In order to satisfy the demand for a low thermal expansion coefficient and a high elastic modulus, there is a method by adding a filler.
In addition, dicyandiamide, which has been conventionally used as a curing agent for epoxy resins, has poor compatibility with epoxy resins, and dicyandiamide often precipitates when used as a prepreg. For reasons such as a low softening temperature, smears that cause the resin to adhere to the inner circuit copper during drilling are likely to occur, and the long-term heat resistance in air is also poor.
As a resin system that solves these problems, there is an epoxy resin cured with a polycondensate of phenols and formaldehyde. In the printed wiring board by this curing system, smear generation is less than half and the heat resistance in the air is improved more than twice as compared with the dicyandiamide curing system.
However, epoxy resins cured with a polycondensate of phenols and formaldehyde have drawbacks such as low adhesion and are hard and brittle. Especially when inorganic fillers are added, they are sufficiently reliable. You can't get sex.

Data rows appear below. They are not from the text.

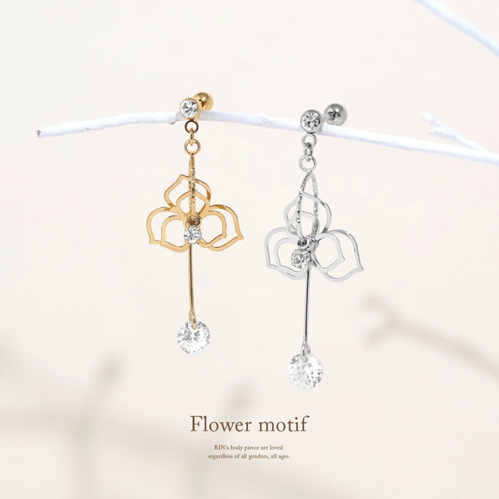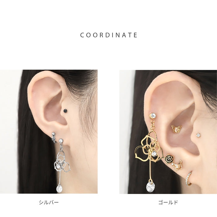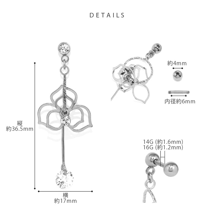 h71-008【全品送料無料】 軟骨ピアス 14G 16G ボディピアス かわいい キャッチ チャーム サージカルステンレス 金属アレルギー対応 花 フラワー かわいい バラ カメリア フェミニン ジュエル ストレートバーベル ファーストピアス セカンドピアス メンズ 軟骨 ピアス ボディーピアス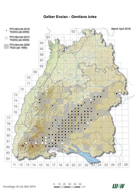 Für den Gelben Enzian, als Art des Anhangs V, werden im Rahmen der FFH-Richtlinie keine Schutzgebiete ausgewiesen.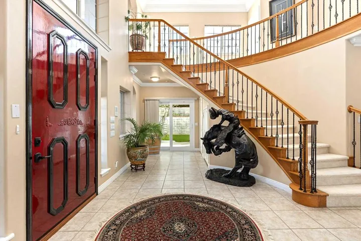 Custom-built Mediterranean elegance. Breathtaking Views. Privacy. A gated private paradise. 512 sqft, 1Br 1 Ba ADU fully legal, with estimated rental value of approx $2,500/month. Dedicated parking, laundry, ideal for rental income or extended family. 4072 sqft main home thoughtfully remodeled/updated Kitchen & Bathrooms. 5 Bedrooms, 3.5 Bathrooms, private Office off the Family room with it’s own exterior exit. Dramatic 19 feet Entry foyer with stunning crystal chandelier, a grand Mediterranean welcome. Wide crown moldings and baseboards throughout. Living room with new electric fireplace and wet bar with refrigerator. Family room with wood burning fireplace. Open Dining room. Elegant Master suite with wet bar, sliding door to huge balcony to enjoy the view and sunset. Large Utility room with counter and sink. Remote controlled fire sprinkles on the roof. Split unit AC and Furnace. 3 car Garage with separate storage room. Wiring in place for hot tub on back patio. All organic vegetable garden, 34 producing year-round fruit trees and many grapevines. Large front terrace with fire-pit and water fountain. Covered patios front and back perfect for BBQs and entertaining. Ample parking spaces, room for RV and Boat. Owner owned solar panels. Close circuit security system and Ring cameras. “A jewel on a perfect spot” – Convenient location and best climate.

  The present invention has been made in view of such a situation. A prepreg for a printed wiring board having high connection reliability with a mounting component due to a low coefficient of thermal expansion and excellent heat resistance, and a metal-clad laminate using the same. It is to provide.

The present invention provides (a) an epoxy resin having at least two epoxy groups in one molecule, (b) a polycondensate of phenols and formaldehyde, (c) dicyandiamide, (d) a curing accelerator, and (e) A varnish containing an inorganic filler as an essential component, wherein (e) a glass woven fabric is impregnated with a thermosetting resin varnish whose inorganic filler is 50 to 150% by weight based on the organic resin solid content in the varnish, The present invention relates to a prepreg for a printed wiring board which is heated and dried to form a B stage.
The present invention also relates to a prepreg for a printed wiring board, wherein the epoxy resin (a) is a glycidyl etherified product of a polycondensate of phenols and formaldehyde.
Furthermore, the present invention relates to a metal-clad laminate obtained by stacking at least one prepreg for a printed wiring board, placing a metal foil on one or both sides thereof, and heating and pressing.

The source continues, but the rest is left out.